Usually, the last block will be short. If the stream is exhausted,
the result is nil."
([s blocksize]
(let [buf (byte-array blocksize)
readlen (.read s buf)]
(if (>= readlen 0)
(lazy-seq
(let [newbuf (if (< readlen blocksize)
(copy-array buf (byte-array readlen) readlen)
buf)]
(cons newbuf (stream-block-seq s blocksize)))))))

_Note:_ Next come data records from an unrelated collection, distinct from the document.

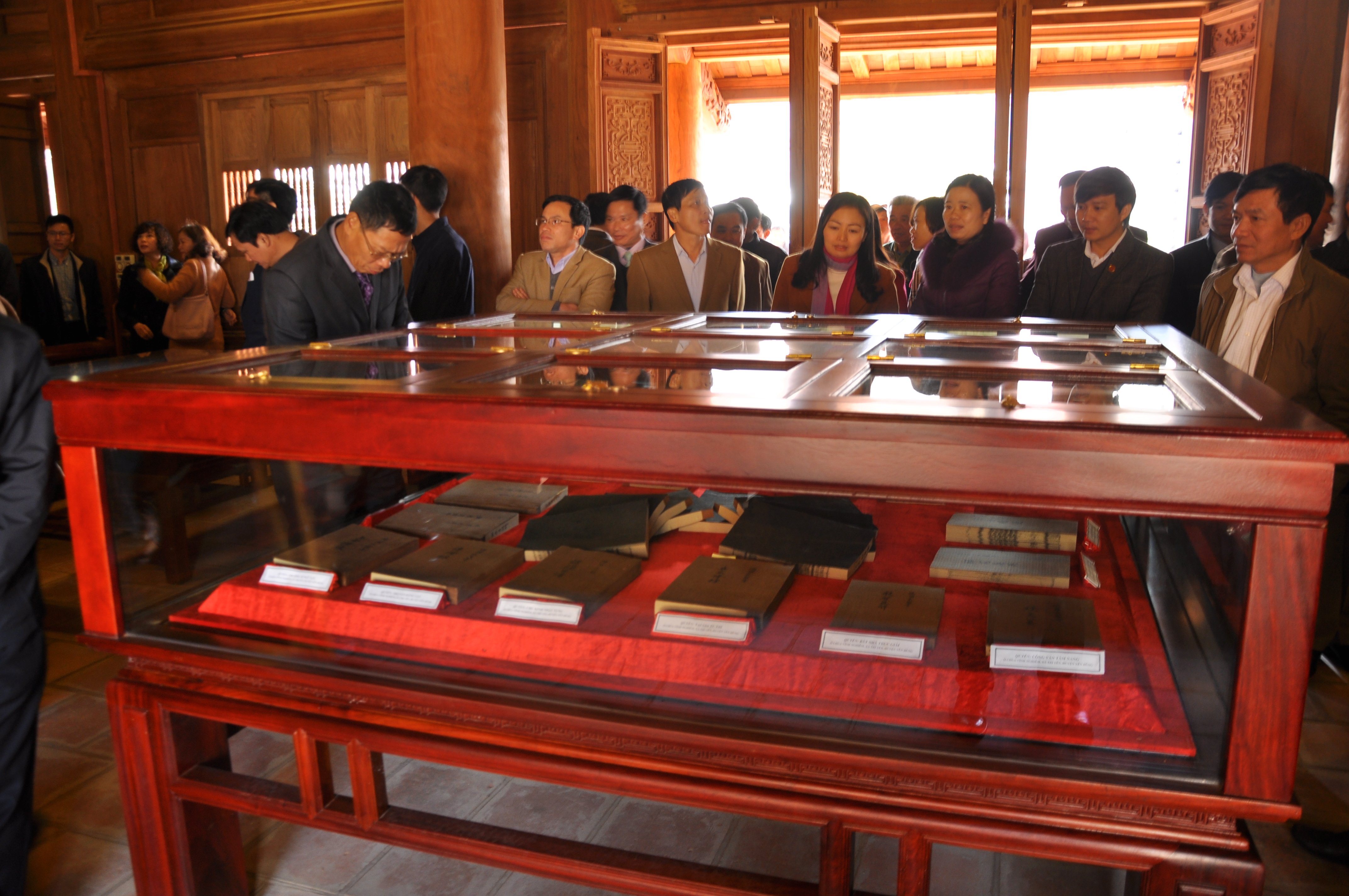 Du khách tham quan nhà lưu giữ mộc bản chùa Vĩnh Nghiêm. Ảnh: Văn Dương
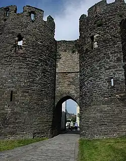The walls stretch along the south of the town with eight towers and two gatehouses. The Upper Gate formed the main inland entrance to the town during the medieval period, and, in addition to its twin towers, was originally protected by a stone barbican, of which some stonework still remains – a rare survival for town barbicans of this period.[48] A gatekeeper would have lived over the entrance during the medieval period.[49] The original defensive ditch and drawbridge have been filled in, however, and replaced by a modern road.[50] The second gatehouse, Mill Gate, was designed to allow access to the royal watermill that lay just outside the main town, and similarly features twin protective towers.[51] In between the two gatehouses are the remains of Llywelyn's Hall, a grand building originally built into the town walls by Edward I before being dismantled and moved to Caernarfon Castle in 1316.[52] Further along the walls is the mock-Gothic archway built in 1846 to accommodate the local railway, possibly drawing on similar designs used in Chester.[53] A unique set of twelve medieval latrines is built into the southern town walls, first constructed for the use of royal staff working in adjacent buildings in the 13th century.[54]
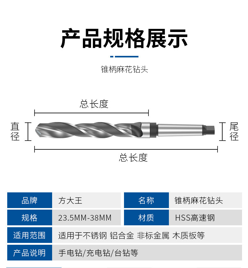 包装清单:1方大王 锥柄钻头莫氏圆锥锥钻 锥柄麻花钻高速钢钻头
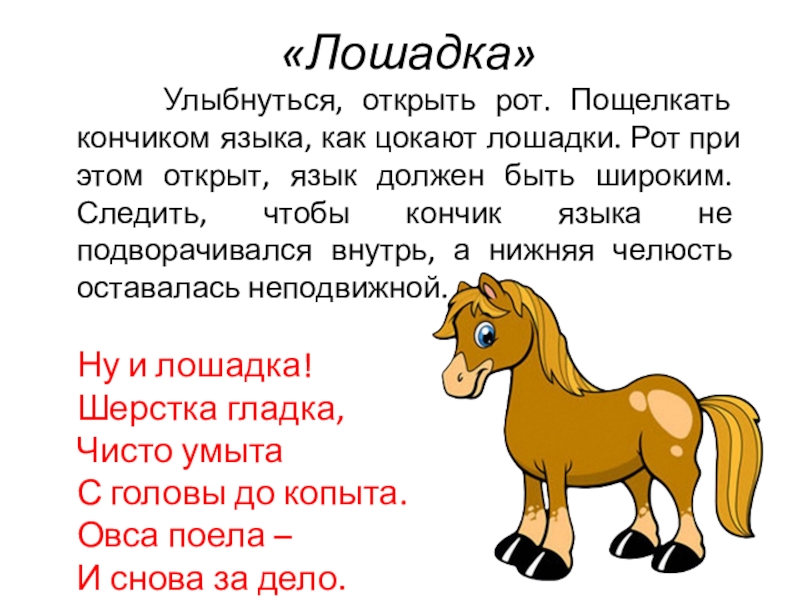 лошадки. Рот при этом открыт, язык должен быть широким. Следить, чтобы кончик языка не подворачивался внутрь, а нижняя челюсть оставалась неподвижной.
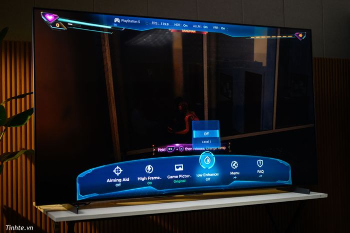 - Chế độ âm thanh vòm ảo với 3 tùy chọn khác nhau, tối ưu cho game thủ FPS, đặc biệt là trong các game như CoD với chế độ chơi nhiều người. Điều thú vị là tính năng này thường xuất hiện trên các màn hình gaming, nhưng đây là lần đầu tiên mình thấy trên TV, rất ấn tượng.
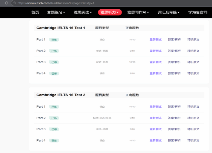 关于听力训练的平台方面,我推荐“学为贵”网站。它的界面最接近真实机考,可以自由调整字号、标记重点、计时答题,且配有详细解析,非常适合日常的听力训练。
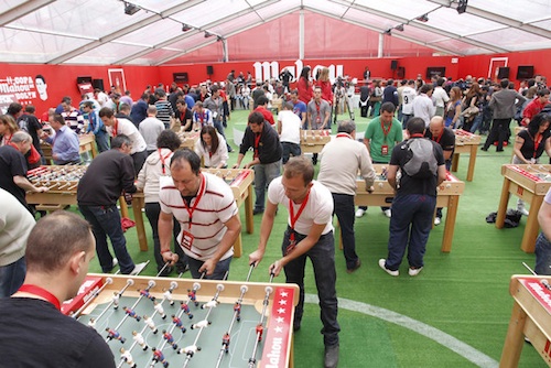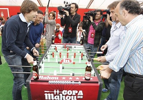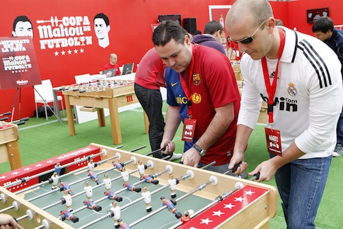 L. Torres.- Cientos de aficionados al fútbol se han pasado este sábado por el barrio para celebrar la I Copa Mahou de Futbolín, en la que han competido 96 parejas y han podido jugar más de 300 vecinos que, animados por la gran carpa-futbolín que había frente al Palacio de Deportes, visitaron el lugar entre las diez de la mañana y las ocho de la tarde. “Gracias a la campaña organizada en Facebook o informados por algunos de los principales diarios deportivos, se apuntaron parejas de Madrid, Granada, Tarragona… pero, fuera de competición jugador entre 300 y 400 personas que pasaron por la plaza y se animaron a echar unas partidas”, han comentado los organizadores a Zonaretiro.com
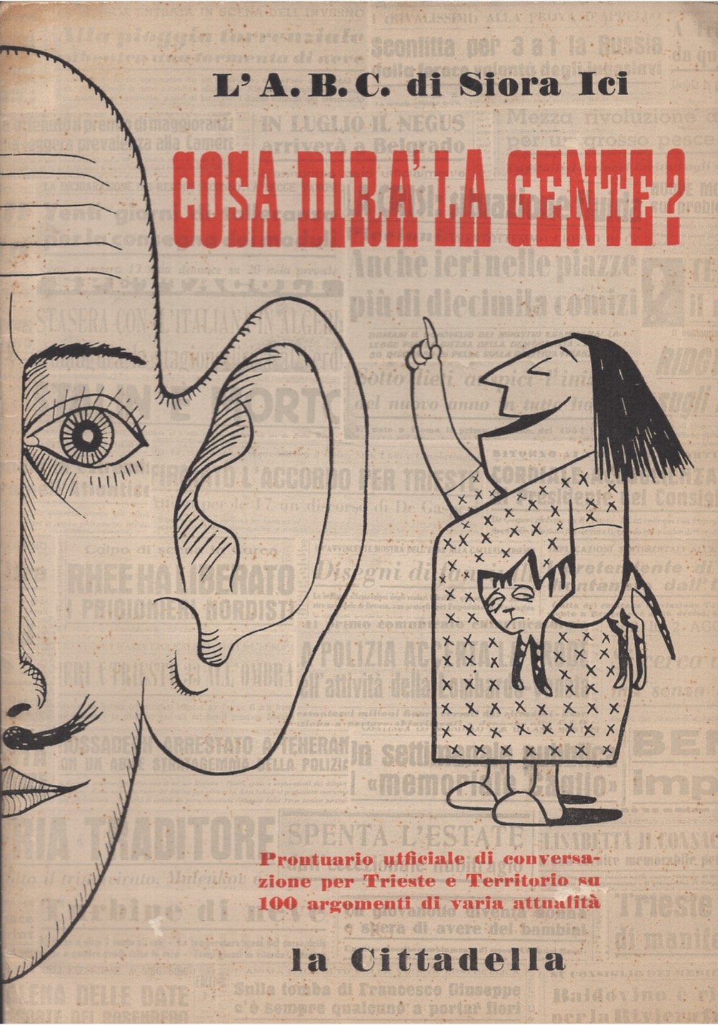 Prontuario ufficiale di conversazione per Trieste e Territorio su 100 argomenti di varia attualità. Illustrazioni di Ugo Guarino. Prontuario al modo del Borghese
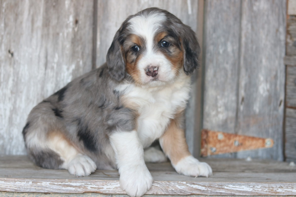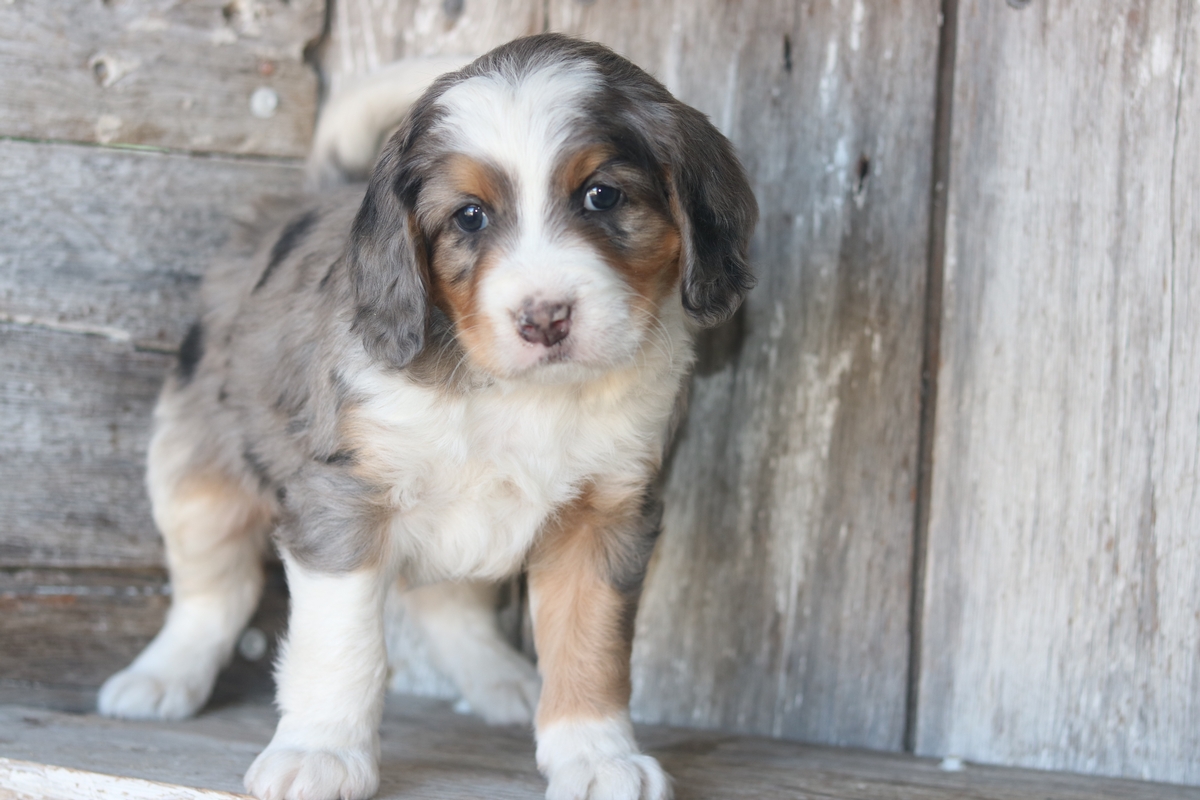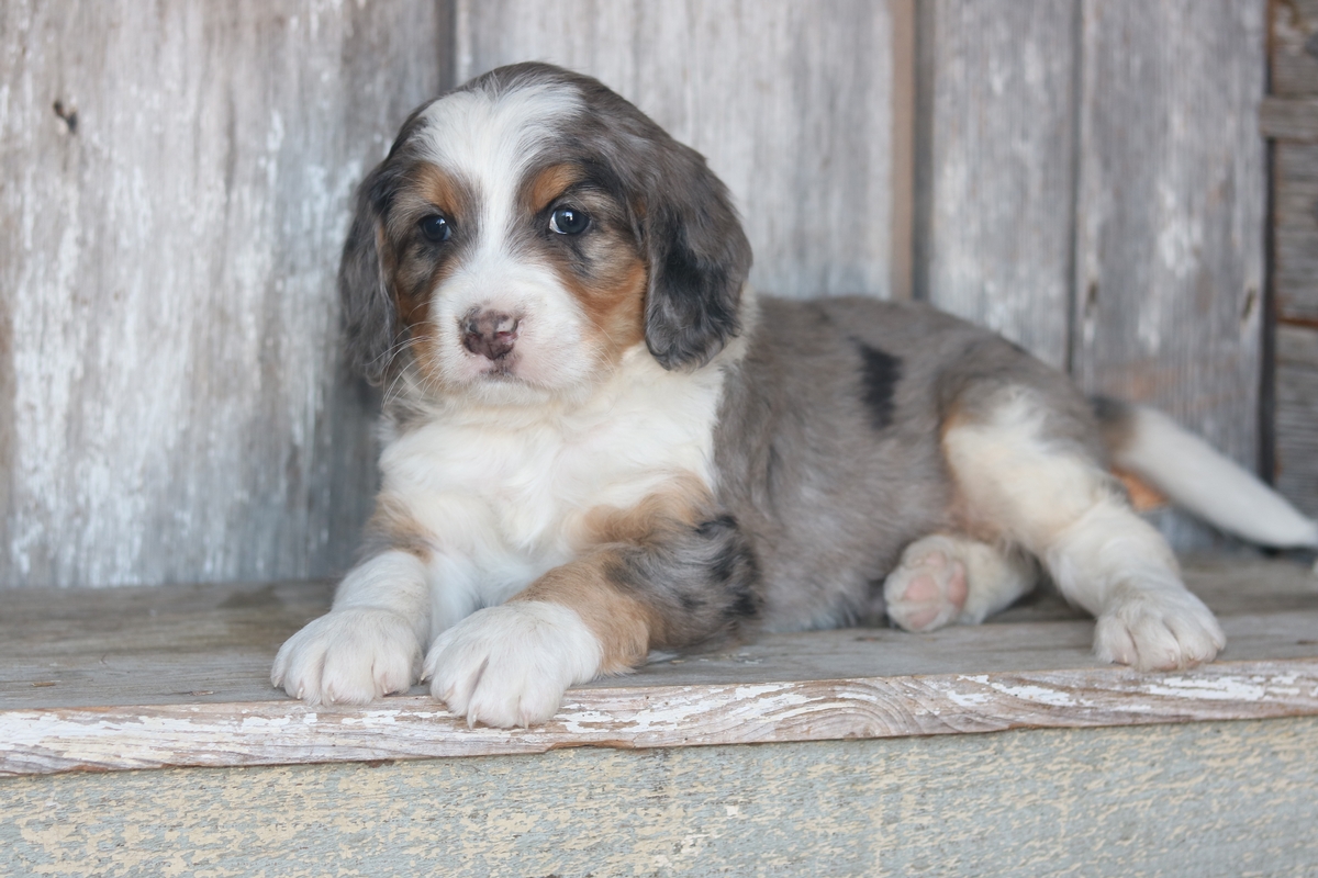 Lacus was born on 11/11/2025 to Sybil and Layne, he is a Merle tri colored boy with traditional tri colored markings. He is a F1 Mini Bernedoodle male that is expected to mature at approximately 30-50 pounds and have a heavy/wavy coat. Lacus weighs 6.8 pounds as of 12/21/25 and has a medium disposition.
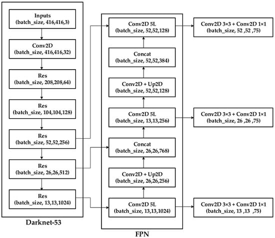 YOLO v3 employs the feature pyramid network (FPN) architecture, which uses multi-scale feature mapping to facilitate the detection of objects. For example, a 416 × 416 image might undergo downsampling 32 times, 16 times, and eight times to obtain feature maps at three different scales. Figure 12 illustrates the architecture of YOLO v3 [21].
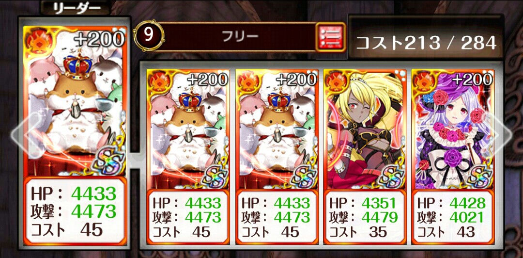 ザラジュラム 下のやつ サブクエ3枚抜きプチニーミ(AS種族数攻撃・SS見破り)フル覚+200プチニーミプチニーミクラッツィナ(AS雷特攻・SS変換)フル覚ヴェレッド(AS回復・SSリジェネ)フル覚+2001戦目は適当に2戦目は右中左3戦目は中左右ボスは右左中完全に脳死 [0回]
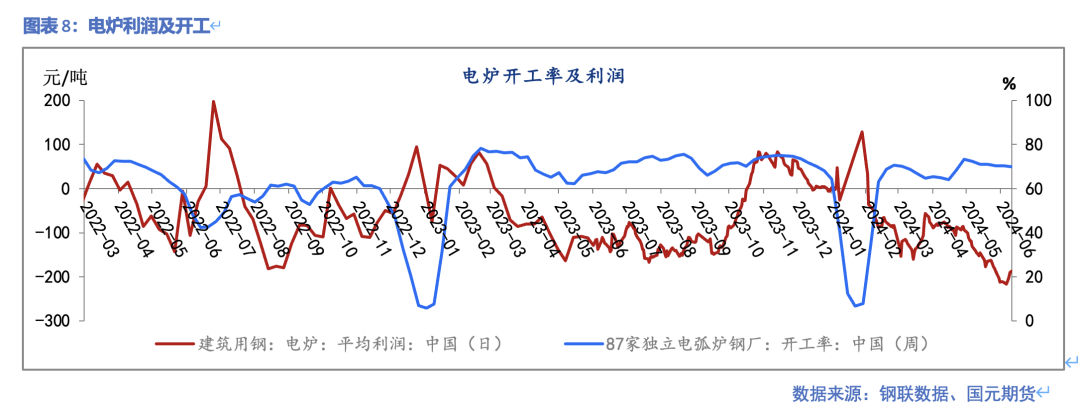 上周,247家钢厂盈利率为44.59%,环比增加1.73个百分点;西南地区电炉峰电利润亏损159.2元/吨,环比下降23元/吨,谷电利润为13.8元/吨,环比下降22.8元/吨。
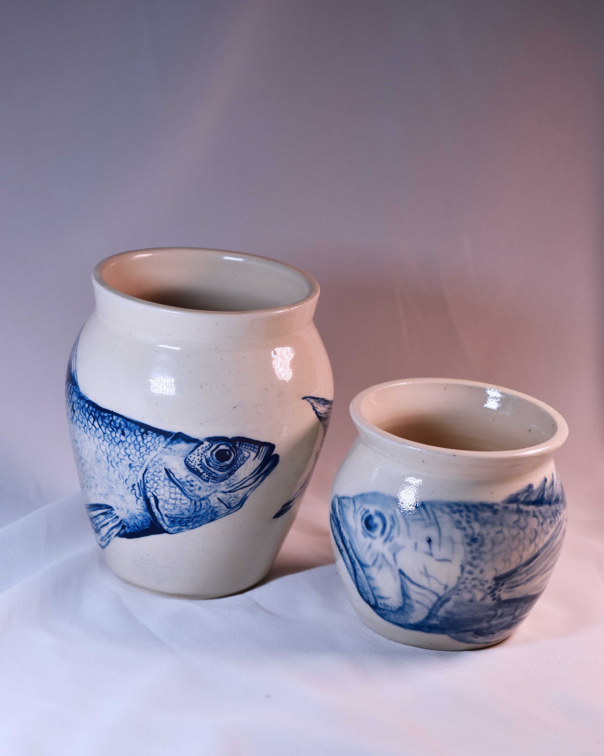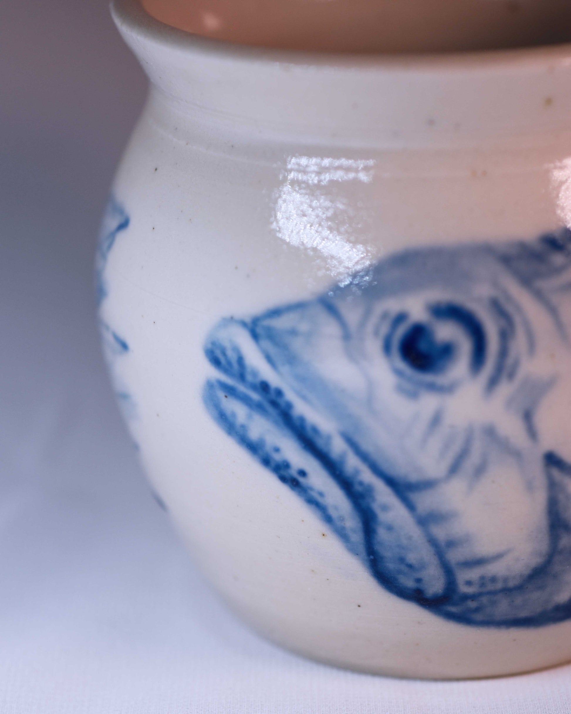 This charming ceramic vase brings aquatic whimsy to any shelf. Hand-crafted from white clay and adorned with a delightfully detailed fish illustration, this piece bears the unique character of kiln-fired glazing that softly blurs the artwork. Its rounded, squat silhouette makes it a perfect petite accent for plant lovers and art collectors alike.
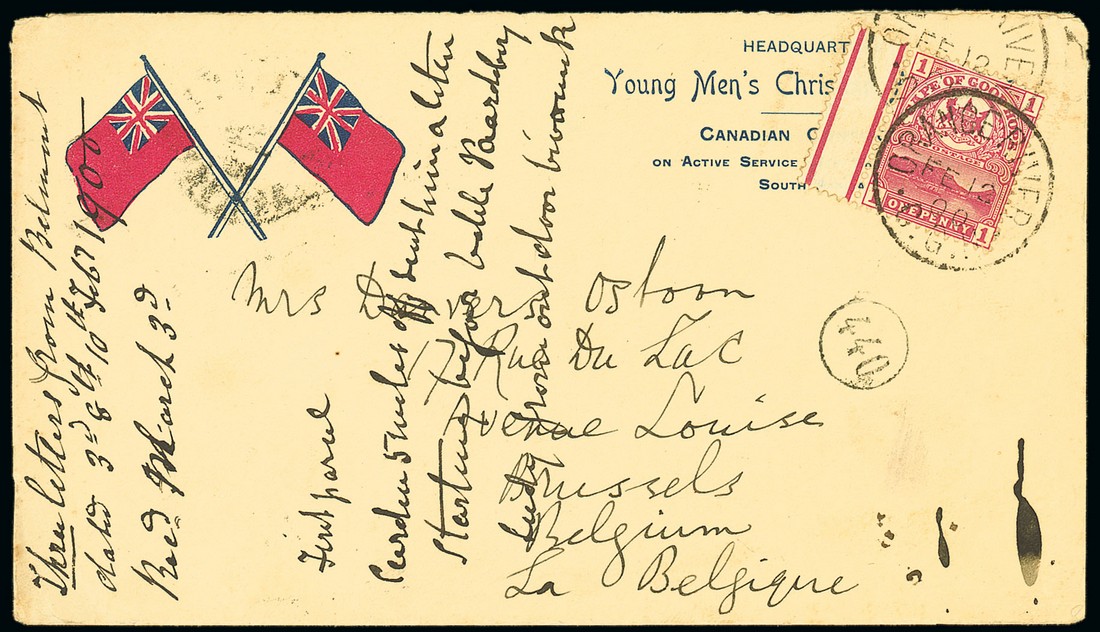 1900 (12 Feb.) Y.M.C.A. "crossed flags" envelope (Type E) ex the Osborn correspondence from Belmont Camp to Belgium, bearing 1d. with two Orange River c.d.s. and showing local delivery number below; the reverse (no flap) with arrival c.d.s. (3.3). Photo
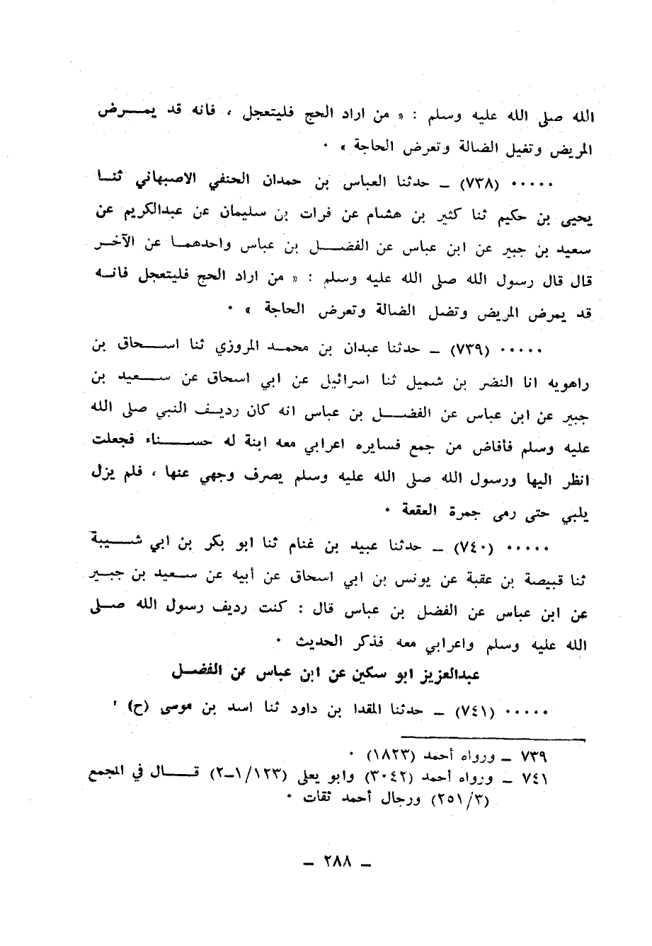 739 - حَدَّثَنَا عَبْدَانُ بْنُ مُحَمَّدٍ الْمَرْوَزِيُّ، ثنا إِسْحَاقُ بْنُ رَاهَوَيْهِ، أَنَا النَّضْرُ بْنُ شُمَيْلٍ، ثنا إِسْرَائِيلُ، عَنِ ابْنِ إِسْحَاقَ، عَنْ سَعِيدِ بْنِ جُبَيْرٍ، عَنِ ابْنِ عَبَّاسٍ، عَنِ الْفَضْلِ بْنِ عَبَّاسٍ: أَنَّهُ كَانَ رَدِيفَ النَّبِيِّ صَلَّى اللهُ عَلَيْهِ وَسَلَّمَ، فَأَفَاضَ مِنْ جَمْعٍ، فَسَايَرَهُ أَعْرَابِيٌّ مَعَهُ ابْنَةٌ لَهُ حَسْنَاءُ، فَجَعَلْتُ أَنْظُرُ إِلَيْهَا، وَرَسُولُ اللهِ صَلَّى اللهُ عَلَيْهِ وَسَلَّمَ يَصْرِفُ وَجْهِي عَنْهَا، فَلَمْ يَزَلْ §يُلَبِّي حَتَّى رَمَى جَمْرَةَ الْعَقَبَةِ "

([s] (stream-block-seq s 1024)))
Here's copy-array:
(defn copy-array
([src srcpos dest destpos len]
(do
(System/arraycopy src srcpos dest destpos len)
dest))
([src dest len]
(copy-array src 0 dest 0 len)))
And here's the message-digest function that uses it:
(defn message-digest
"Generates a digest of the given input plaintext. Input must be a
Java byte array, a Java ByteBuffer. hashname is optional and defaults
to \"SHA-256\". The result is a vector of bytes.
See
http://download.oracle.com/javase/1.5.0/docs/guide/security/CryptoSpec.html#AppA
for more information on the available hashes."
([input & opts]
(let [opts (merge { :hash "SHA-256" :blocksize 32768 } (apply
hash-map opts))
hashname (opts :hash)
blocksize (opts :blocksize)
md (MessageDigest/getInstance hashname)]
(doseq [buf (stream-block-seq (input-stream input) blocksize)]
(.update md buf))
(vec (.digest md)))))
This all seems to work, and the performance seems acceptable: with a
32k buffer size, on my Core 2 Duo Macbook it takes about 50ms to hash
a 1MiB file from disk, and 20ms from filesystem cache. However, I'm
sure there's plenty of room for improvement. Is there a cleaner or
more efficient way to do this?
I found two previous threads which deal with similar puzzles --
* Resource cleanup when lazy sequences are finalized:
http://groups.google.com/group/clojure/browse_thread/thread/caece062119de072/13c15c62c3397597?lnk=gst&q=lazy+buffered#13c15c62c3397597
* contrib mmap/duck_streams for binary data:
http://groups.google.com/group/clojure/browse_thread/thread/f5239c7e66e7fb54/813b70b68081456d?lnk=gst&q=lazy+binary+stream#813b70b68081456d
I must say that I find the lazy-sequence approach conceptually quite
attractive here, but my taste may not yet be properly formed :)
Comments welcome!
thanks
Michael Ashton.
--
You received this message because you are subscribed to the Google
Groups "Clojure" group.
To post to this group, send email to [email protected]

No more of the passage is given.